L’azienda si chiama “Impossible Objects”. Il nome già rivela l’obiettivo a cui aspira: realizzare un’apparecchiatura in grado di produrre con tecnologia “additive manufacturing” oggetti finora inimmaginabili.
Il principio fisico della produzione incrocia quello tipico della stampanti 3D con tecnologie di pressofusione, risultando così estremamente promettente per lavorare materiali basati su fibra di carbonio, fibra di vetro e Kevlar.
Come illustrato nella figura, il singolo foglio di materiale fibroso viene “disegnato” con la forma opportuna depositando con tecnologia 3D printing tradizionale un apposito fluido adesivo. Il foglio così trattato, viene spolverizzato di polimero, che viene successivamente rimosso da tutte le aree meno quelle bagnate dal fluido adesivo. A questo punto si mette un altro foglio di fibra e si ripete il processo per il numero di fogli necessari a raggiungere le dimensioni dell’oggetto.

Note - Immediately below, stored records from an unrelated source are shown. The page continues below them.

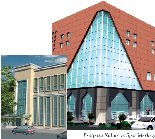
Esatpaşa Kültür ve Spor Merkezi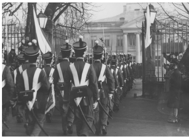
Obchody rocznicy powstania listopadowego w Warszawie. Pluton podchorążych w mundurach historycznych wkracza na dziedziniec Belwederu, 30 listopada 1930 r.

Mikołaj I, nie bez podstaw zwany „żandarmem Europy”, nie zamierzał pozostawać bezczynny. Ze zmianami we Francji gotów był się pogodzić, wszelako wydarzenia belgijskie skłaniały go do zbrojnej interwencji po to, by rewolucyjne idee nie zagroziły i samej Rosji. Świetnie wyszkolona armia polska, na czele z wielkim księciem Konstantym, miała stanowić straż przednią potęgi gotowej przywrócić porządek. Spiskowcy, nic chcąc przykładać ręki do tego dzieła, a ponadto sami zagrożeni aresztowaniami, postanowili wystąpić czynnie. Termin wybuchu powstania wyznaczono na 29 listopada 1830 r. Sygnałem do akcji miał stać się pożar browaru na Solcu.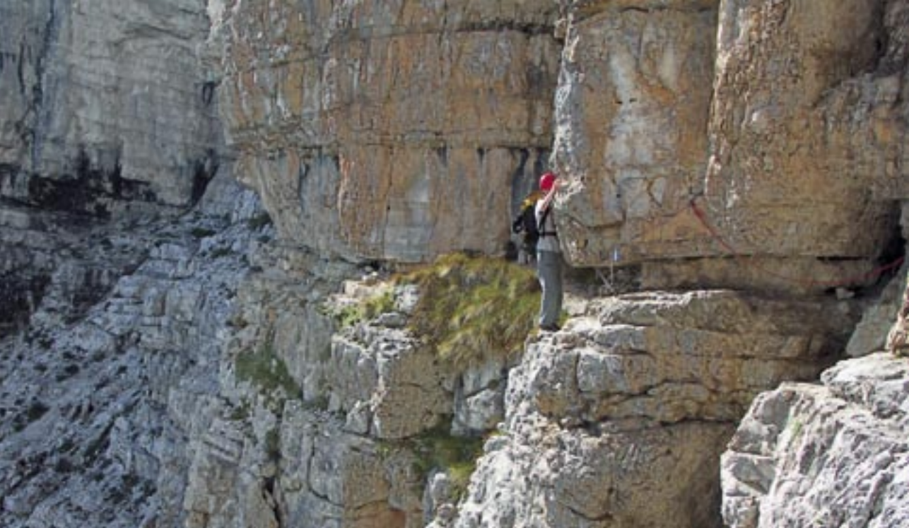
Ozka in izpostavljena Ballova polica

saj je bil Pelmo prva izmed dotlej »nedostopnih« gora, na katero je stopila človeška noga. Ballu je v velikem slogu sledil Avstrijec Paul Grohmann, ki se je med drugim prvi povzpel na Antelao, Marmolado, Sorapiss, Sassolungo in Veliko Cino.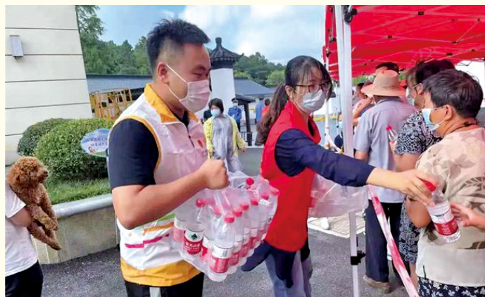
南京市志愿者与医护人员、党员干部并肩奋战,加强疫情防控。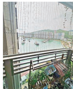
■單位小露台可種植小盆栽。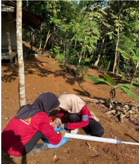
Gambar 2. Perakitan Mekanisme Pemicu.

Kedua, pipa berdiameter lebih kecil (1/2 inci dan 3/4 inci) dirakit bersama dengan karet ban bekas dan sekrup untuk menciptakan mekanisme pemicu. Karet berfungsi sebagai pegas yang mengontrol buka-tutup lubang pupuk.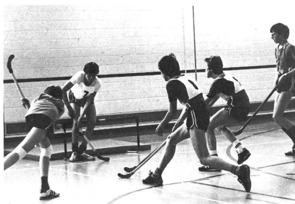
Transformable en but de hockey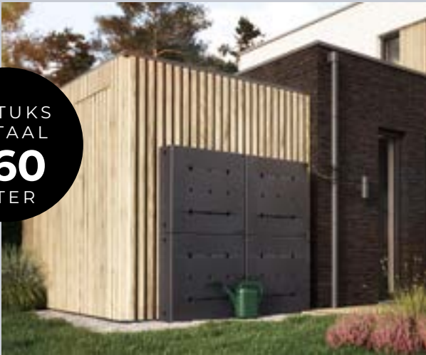
Kleur: Zwart, geplaatst als muuropstelling

We love Rain. Dat klinkt misschien vreemd, maar toch is het zo. Door het veranderende klimaat zullen we steeds verantwoordelijker om moeten gaan met drinkwater. Overheid en gemeenten sturen steeds meer aan op opslag van regenwater voor gebruik op momenten dat je het water wel nodig hebt. Met het innovatieve Rainblock®-systeem kun je op een efficiënte en mooie manier regenwater opslaan. Dankzij het compacte ontwerp kan de Rainblock® verwerkt worden in een tuinafscheiding of muuropstelling. Het modulaire systeem kan worden uitgebreid met infiltratiekragen of bijvoorbeeld een bewateringssysteem.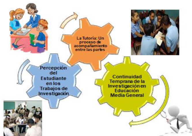
Grafico 5: Reflexiones de los Hallazgos desde la mirada de los Docentes Tutores

De este modo, proyecté la construcción de un cuerpo de reflexiones sobre la base del proceso de triangulación entre quienes escriben, mi visión y las voces de los actores sociales, iniciando desde un proceso de interpretación hasta llegar lo más próximo posible a dicha realidad. La construcción generada en la presente investigación partió de la transcripción de los protocolos, división de los contenidos en categorización descriptiva, construcción de subcategorías, a partir de las cuales se establecieron relaciones vislumbradas entre las mismas posteriormente a su contraste con las teorías base. Partiendo de lo anterior, establecí tres hallazgos los cuales emergieron de las categorías y subcategorías abordadas en el momento anterior. A continuación desarrollaré los hallazgos percibidos en esta realidad social que abre aristas a las reflexiones del presente estudio: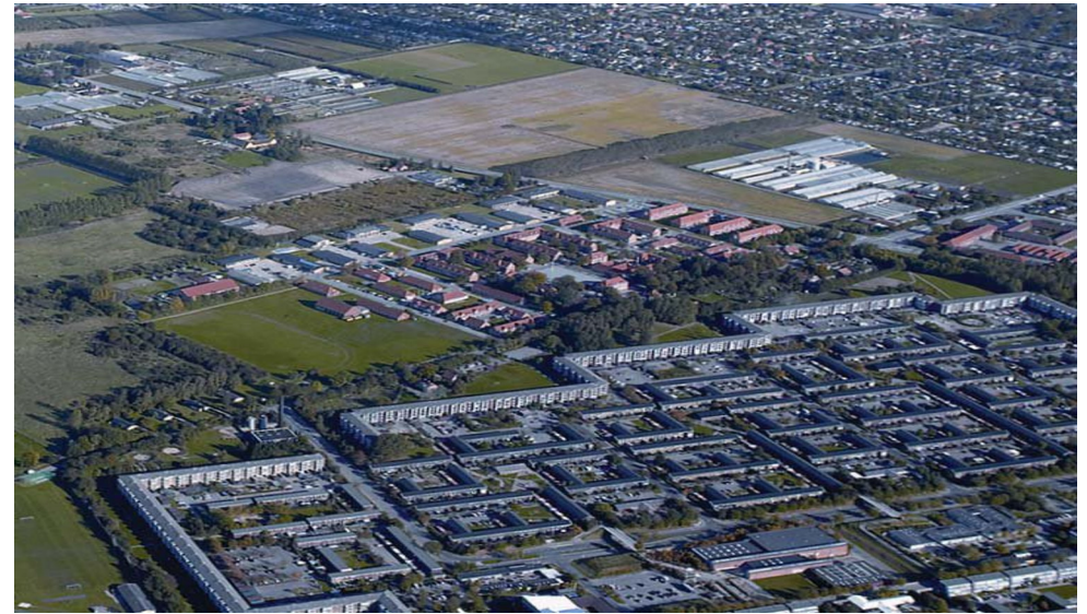
Avedørelejren havde en optimal beliggenhed for genanvendelse - tæt på stationen og med grønne områder 'i baghaven'. Bebyggelsen er markant anderledes end de tilstødende områder fra nyere tid, men der var bred forståelse for, at genanvendelsen af Avedørelejren ville give kommunen et kulturelt og socialt løft.

afløser for Paradislejren – en af de oprindelige lejre på Vestvolden, som var del af Københavns Landbefæstning, anlagt mellem 1888 og 1892. Avedørelejren blev opført mellem 1911 og 1913 efter tegninger af arkitekt Helge Bojsen-Møller (1874-1946) og udvidet i to omgange i 1933-46 og 1950-63. Bojsen-Møller havde ikke tegnet militærbyggeri før, men havde til gengæld gjort sig en del erfaring med større, offentlige anlæg som hospitaler og skoler. Til Avedøre lod han sig inspirere af ældre kasernebyggeri og havde studeret især Kastellet i København. Bojsen-Møllers oprindelige plan, inspire-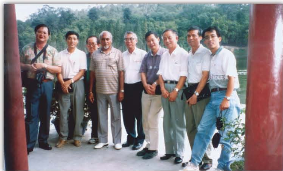
1995年, 新加坡科技代表团来访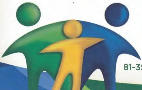
ANGELO LABANCA ALBANEZ FILHO Prefeito

São Lourenço da Mata, 28 de março de 2016.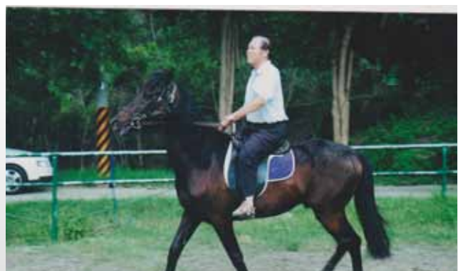
明德山莊增置馬場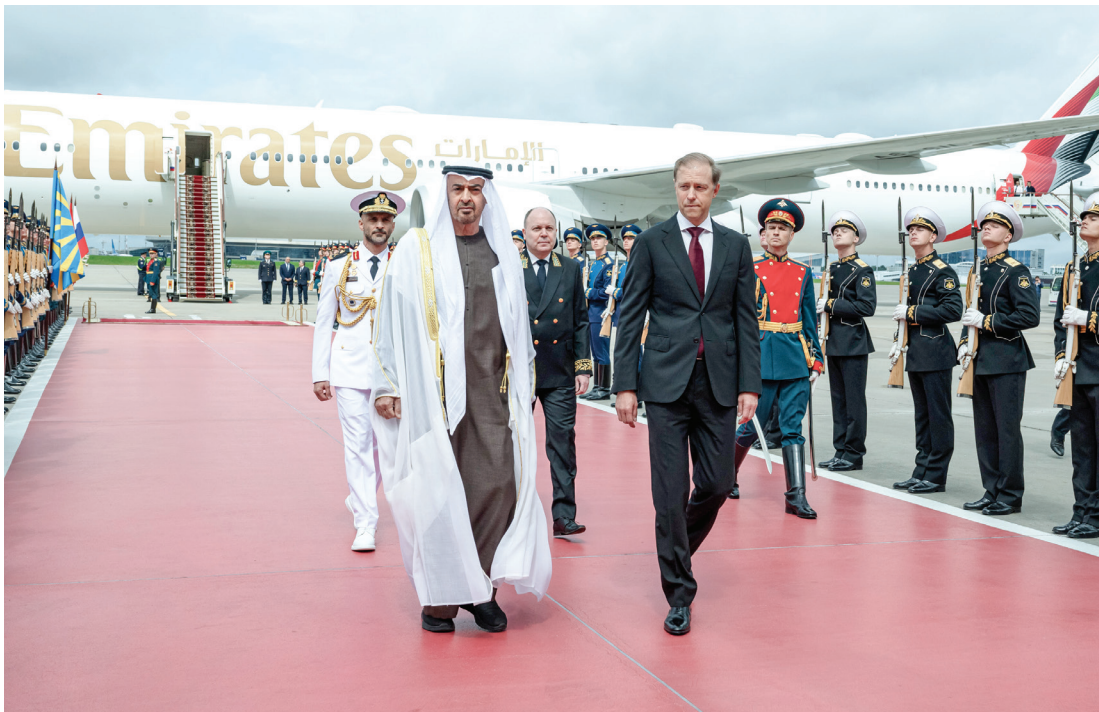
محمد بن زايد لدى وصوله موسكو بحضور دينيس مانتيروف النائب الأول لرئيس الوزراء الروسي

السلام الوطني للبلدين، وصافح سموه كبار مستقبليه، فيما صافح الرئيس الروسي الوفد المرافق لسموه. ووصل صاحب السمو الشيخ محمد بن زايد آل نهيان، رئيس الدولة، حفظه الله، إلى موسكو في زيارة رسمية إلى روسيا الاتحادية.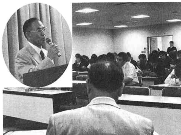
(講演する児玉社長と沢山の聴講者)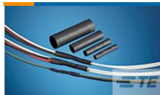
TE 产品编号1207406001 DSPL-NR1-0-50MM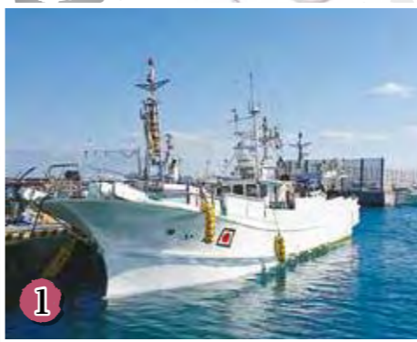
奄美大島沖から当添漁港(与那原町)に帰港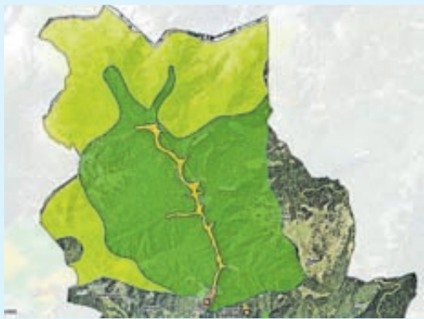
Vodovarstvena območja

Lastniki oziroma uporabniki koč lahko odvoz gošč naročijo po elektronski pošti (odvozi@kamnik.si) in po telefonu (031 785 803). Cena sistematičnega črpanja in čiščenja odpadnih voda za posamezen objekt na podlagi veljavnega cenika znaša 61,75 evra (z DDV-jem). Odvoz do Centralne čistilne naprave Domžale - Kamnik bo tudi v letošnjem letu financirala Občina Kamnik. Če se lastniki objektov za prevzem grezničnih gošč ne boste odločili, odvoza pa niste uredili v zadnjih treh letih, boste morali najkasneje do 30. 8. 2023 na elektronski naslov odvozi@kamnik.si ali po pošti na naslov Občina Kamnik, Glavni trg 24, 1241 Kamnik, predložiti potrdilo o zadnji oddaji grezničnih gošč v Centralno čistilno napravo Domžale - Kamnik.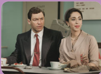
The Hour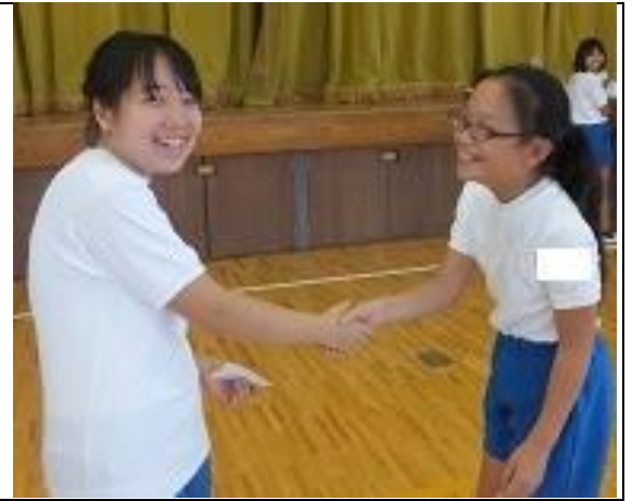
周りの人5人と握手して解散。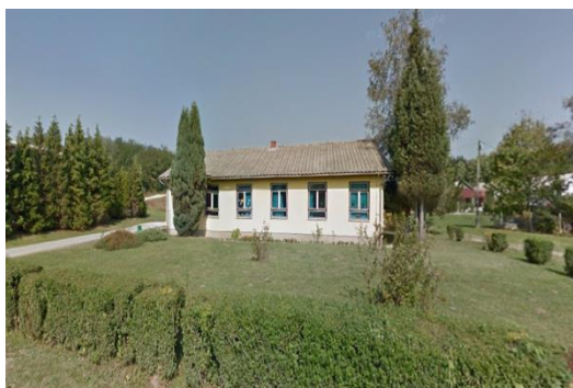
Slika 4 Područna škola Kuljevčica danas

( https://www.google.com/maps/@46.2029968,16.1287686,14z 29.3.2020)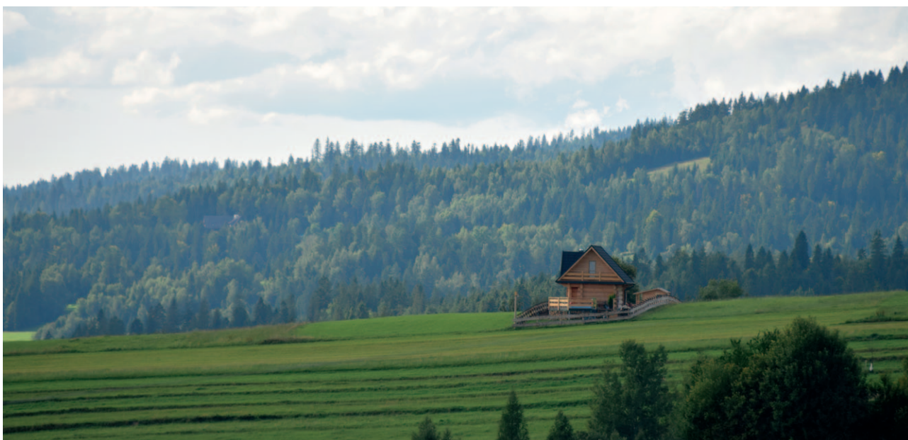
Ryc. 16. Rozpraszanie zabudowy jako istotny element zmian w krajobrazie

jobrazy, w których utrzymuje się wyraźny układ pól, miedz, śródpolnych zadrzewień, potoków; krajobrazy otwarte, stanowiące niezakłócony pejzaż rolniczy, będące często płaszczyznami o dużej i dalekiej ekspozycji widokowej. Dla nich, o ile położone są w obszarach krajobrazów priorytetowych, audyt będzie rekomendował zapobieganie procesowi bezładnego rozpraszania zabudowy. Gminy, przy opracowywaniu dokumentów planistycznych, będą zobowiązane do wskazywania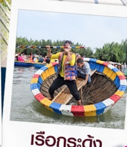
เรือกระด้ง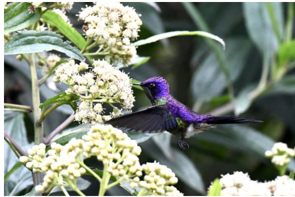
Crescent-faced Antpitta en mannetje Purple-backed Thornbill

De middag zoeken we het hogerop en gaan we naar de Termales del Ruiz waar je bij de warm waterbronnen nog wat hoogtesoorten kunt zien bij de feeders. Hoewel het wat nevelig is, zien we al snel Viridian Metaltail, Golden-breasted Puffleg en Great Sapphirewing. Ook andere soorten doen mee met Lacrimose en Scarlet-bellied Mountain-Tanager en Pale-naped Brushfinch. We wandelen vervolgens langs de weg en zien nog een paar goede soorten waaronder Black-thighed Puffleg en Rainbow-bearded Thornbill waarna er een einde komt aan een prachtige dag.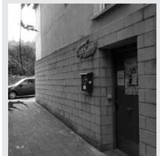
Kale Nagusian aurkitzen da euskaltegia.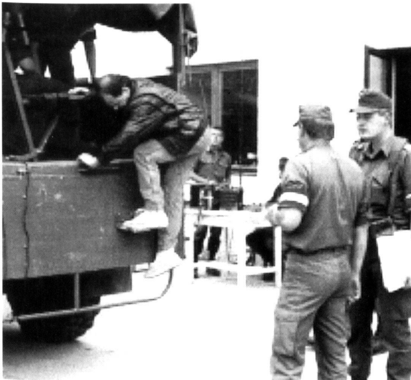
Si nécessaire, la Bundesheer recueille et s'occupe de réfugiés, un problème que l'autorité civile ne peut plus gérer vu l'afflux.

Si la menace s'aggrave à la frontière ou si l'opération s'étend dans la durée, on engage des forces rapidement disponibles supplémentaires. La procédure de décision est accélérée. Au besoin, ces forces sont prises dans les formations opératives qui sont limitées à un maximum de 5000 hommes. Pour accélérer la constitution de ces forces, des formations précises sont maintenues temporairement avec le statut de formations de couverture frontière de milice. Elles sont en tout temps rapide-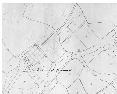
Le château de Penhouët sur le cadastre de 1831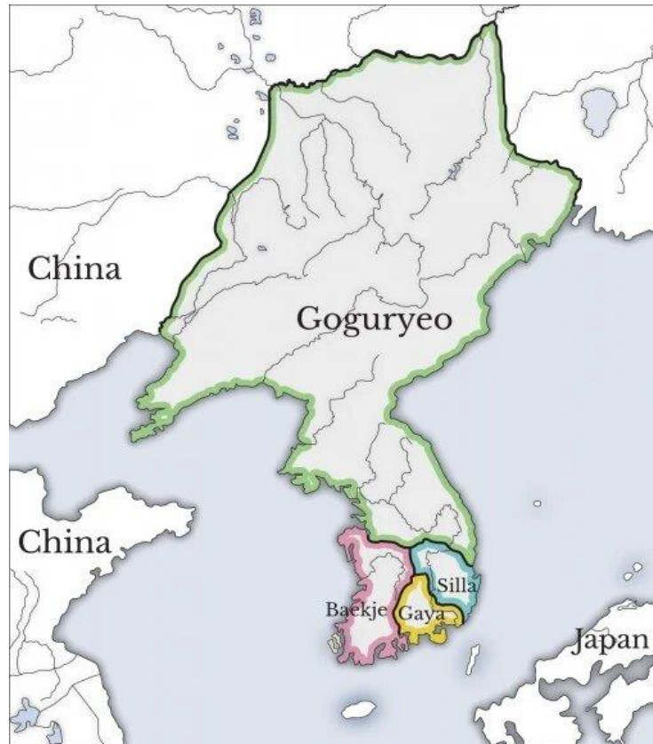
Figura 3 - Os Três Reinos e a Dinastia Goguryeo

Questo wafer multistrato viene poi pressato e scaldato fino alla temperatura necessaria per rimuovere il materiale non fissato dal polimero, ottenendo la figura richiesta.
Questa nuova modalità produttiva si chiama “composite-based additive manufacturing technology” (CBAM) e risulta essere di particolare interesse per tutti quei settori produttivi che fanno un vasto uso di materiali in fibra. Primi fra tutti l’auto, l’aerospazio, l’elettronica di consumo, la difesa, i dispositivi medicali.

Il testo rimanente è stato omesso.